I applaud the decrease in extreme poverty, and yes I am aware of the stats of a slow world wide shift to better opportunities for the majority. But correlation is not causation. The US national & "Bretton Woods" institutional economic model is not universal.

"Neoliberal economics" is very definitely responsible for creating an industrial-commercial environment that makes it veeery difficult to shift focus away from damaging the environment with aggressive resource depletion, casual toxic waste disposal, unmitigated industrial disasters like the ongoing Bhopal toxic pollution disaster ... and a financial-corporate environment that has generated massive "rent-seeking" activity (which neither provides nor produces anything of value, but extracts value from others), and is largely unassailable because "too big to fail". All of which are directly tied to corporate efforts to cut corners for Profit. Because the "neoliberal economy" very specifically requires profit over people, so that there can be 'growth'... a requirement of the very money we have constructed.
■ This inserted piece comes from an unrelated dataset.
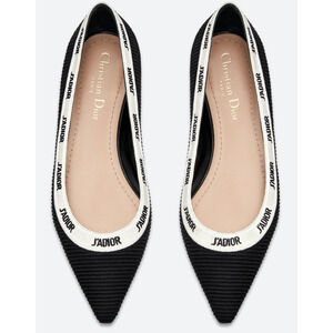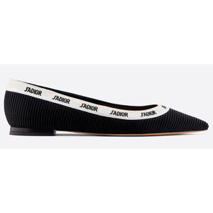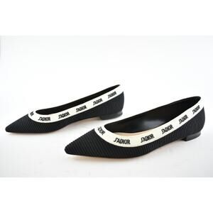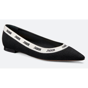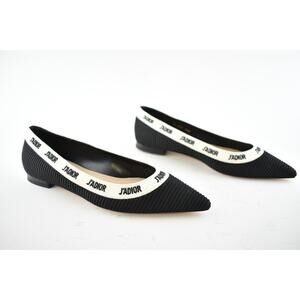 Dior J'adior Black White Ribbon Logo Embroidered Fabric Ballet Ballerina Flat 37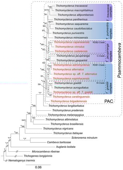 Terminal taxa comprised 22 terminal taxa, which represented all species of PAC, including the five new species. Outgroups comprised three species of Psammocambeva representing other subgeneric lineages, four species of Trichomycterus representing other subgenera, two species representing the clade comprising Cambeva Katz, Barbosa, Mattos and Costa, 2018 plus Scleronema Eigenmann, 1917, the sister group of Trichomycterus []; one trichomycterine species representing another subfamilial lineage; two species representing other trichomycterid subfamilies; and one nematogenyid species, a basal representative of loricarioid catfishes. Separate gene datasets (COX1 521 bp, CYTB 1088 bp, RAG2 821 bp, ND4 692 bp, MYH6 543 bp) were aligned using the Clustal W algorithm [] implemented in MEGA 11.No gaps or stop codons were found. The PartitionFinder 2.1.1 (Canberra, ACT, Australia) [] algorithm was used to calculate the optimal partition scheme and best-fit evolutive models based on the Corrected Akaike Information Criterion (Appendix B). Two independent approaches for phylogenetic reconstruction were performed for the concatenated molecular data matrix (3665 bp): Bayesian Inference, using MrBayes 3.2.7a [] (two independent Markov chain Monte Carlo (MCMC) runs with 5 × 107 generations, with a sampling frequency of every 1000 generations; convergence of the MCMC chains, attainment of the stationary phase, effective sample size adequacy, and determination of the burn-in percentage evaluated using Tracer 1.7.2 (Auckland, Aukland Region, New Zeland) []; and the majority-rule consensus of saved trees and Bayesian posterior probabilities calculated applying a 25% burn-in) and Maximum Likelihood, using GARLI 2.0 (Lawrence, KS, USA) [], with branch support assessed using the values of the majority-rule consensus tree calculated with 1000 nonparametric bootstrap replicates [].

So the reduction in extreme poverty has occured despite neoliberal economics, not because of it.
10
@8 - 6! :D
11
Lovely biased piece from the AP, starting with "massive" in the headline. Then they start quoting ALEC's favorite mouthpiece, the Tax Foundation. Ugh.
12
Sensible taxes on corporations are only sensible when corporations can't just cross the street to avoid it. Currently, states in the U.S. can simply race to the bottom to compete, giving corporations the upper hand. Different tax structures (regulations, too) between cities and between states makes sense when the taxed (or regulated) entity isn't super mobile (as examples, sales, property, and personal income taxes all target somewhat non-mobile entities) but when it indeed is super mobile, then the states (or cities) that enact those common-sense taxes (like the Oregon proposal) get clobbered in competition by the states that race to the bottom (half the corporations in the whole United States are incorporated in Delaware due to a) regulations that make it nearly impossible to sue them, and b) super low taxes...Texas' economy is booming in part for similar reasons, to the detriment of states with more common-sense laws). Why did we give Boeing so many billions in tax breaks? Because if we didn't another place would have. That's not fair market; it's not capitalism; it's not a fair playing field (if it were, then smaller companies would qualify for the same breaks). We need to have national regulations and tax structures in place for large corporations because they can otherwise hold local economies hostage. A common-sense tax measure won't pass in Oregon because corporations will just leave to places with regressive taxes (or maybe it will pass, to the detriment of Oregon's economy).
14
@10 - YOU'RE A WINNER!!!
15
@5: Yeah, why does Oregon have compulsory attendant gas service? I didn't know about it, the first time I went to Oregon. The gas station guy looked at me like I was trying to steal his life savings.
16
@3 A drop of 1.5 billion in the number of people in extreme poverty; i.e. the population of China. China has indeed done quite well after turning away from a wholly planned communist economy to....a country with a predominantly government-owned economy and none of the property rights that protect the rich in other countries - no intellectual property allowed, no patents - is that your definition of a neoliberal economy?
17
@12 - A common-sense tax measure won't pass in Oregon because corporations will just leave to places with regressive taxes (or maybe it will pass, to the detriment of Oregon's economy).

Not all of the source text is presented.